The story of The Voice of the Turtle is perhaps more familiar (and less shocking) now than it might have been when the play premiered on Broadway in 1943. John Van Druten's show deals with the unabashedly sexual dalliance of a serviceman on leave in New York City with an actress he meets there.
In their new production of the show, the Mint Theater Company has done an excellent job of capturing the sense of the time. The show exudes a wonderful 40s flavor, from the colorful apartment set of Nathan Heverin and the costumes of Theresa Squire, to the performers themselves. Nick Toren as Bill (the Serviceman), Elizabeth Bunch as Sally (his love interest), and Megan Byrne as Olive (her friend) look as though they stepped right from the 40s to the present.
Van Druten did an excellent job of defining his characters' emotions, avoiding the turgid romantic tale it could have been all too easy to write. And, when viewed on its own, the play makes perfect sense from a 2001 perspective. Very little seems out of place; there are times The Voice of the Turtle feels as if it could have been written today.

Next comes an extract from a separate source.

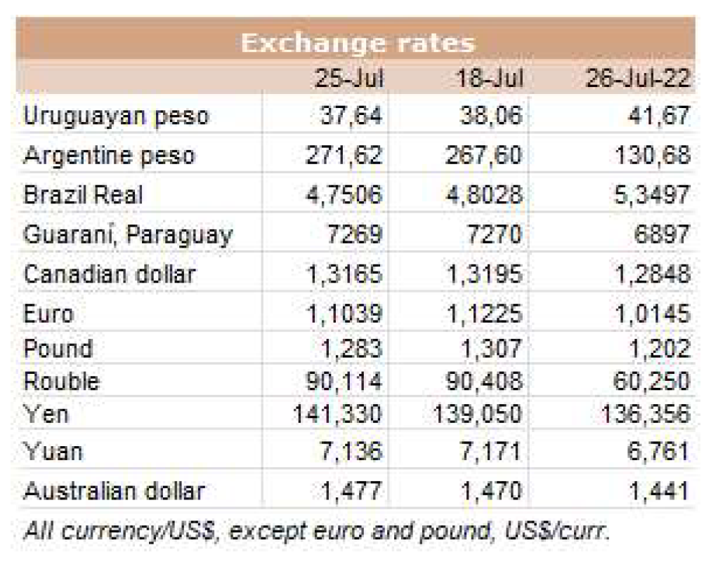 一位貿(mào)易商稱,智利進口市場保持著控制“邊境開放的情況下貨物的具體到貨量”的節(jié)奏。 他補充道,烏拉圭和巴西的19-20分體價格是CIF 5400-5600。消息人士評論道:“智利人正在等待市場吸收即將到來的東西,以便在國慶節(jié)期間外出購買,今年的國慶節(jié)會有點復(fù)雜?!?。

That's the most curious thing about the show, its amazing sense of not being dated. Was The Voice of the Turtle progressive for its time, or have the last few decades of television so redefined what audiences are willing to accept, that the show has simply lost whatever bite it may have had in the social climate of the time? Most likely it's a little of both.
The only time the play really falters is in the third act, when it takes on some situations that resemble modern situation comedies a little too closely. This is also the only time that Carl Forsman's direction seems less than very strong; he doesn't do much to make some clunky moments, such as trying to sneak out Bill's cap so he can make a surprise entrance, believable.
Aside from that, Forsman keeps the pace quick and gets strong performances from his actors. Toren and Bunch have some real chemistry together and come across well throughout. Byrne usually seems a little more strained (which may be due to her significantly less stage time), but can frequently make a substantial impact, usually comedic, of her own when it's called for.
The Mint Theater Company has done quite well by a script that, despite its age, remains fresh, warm, and funny.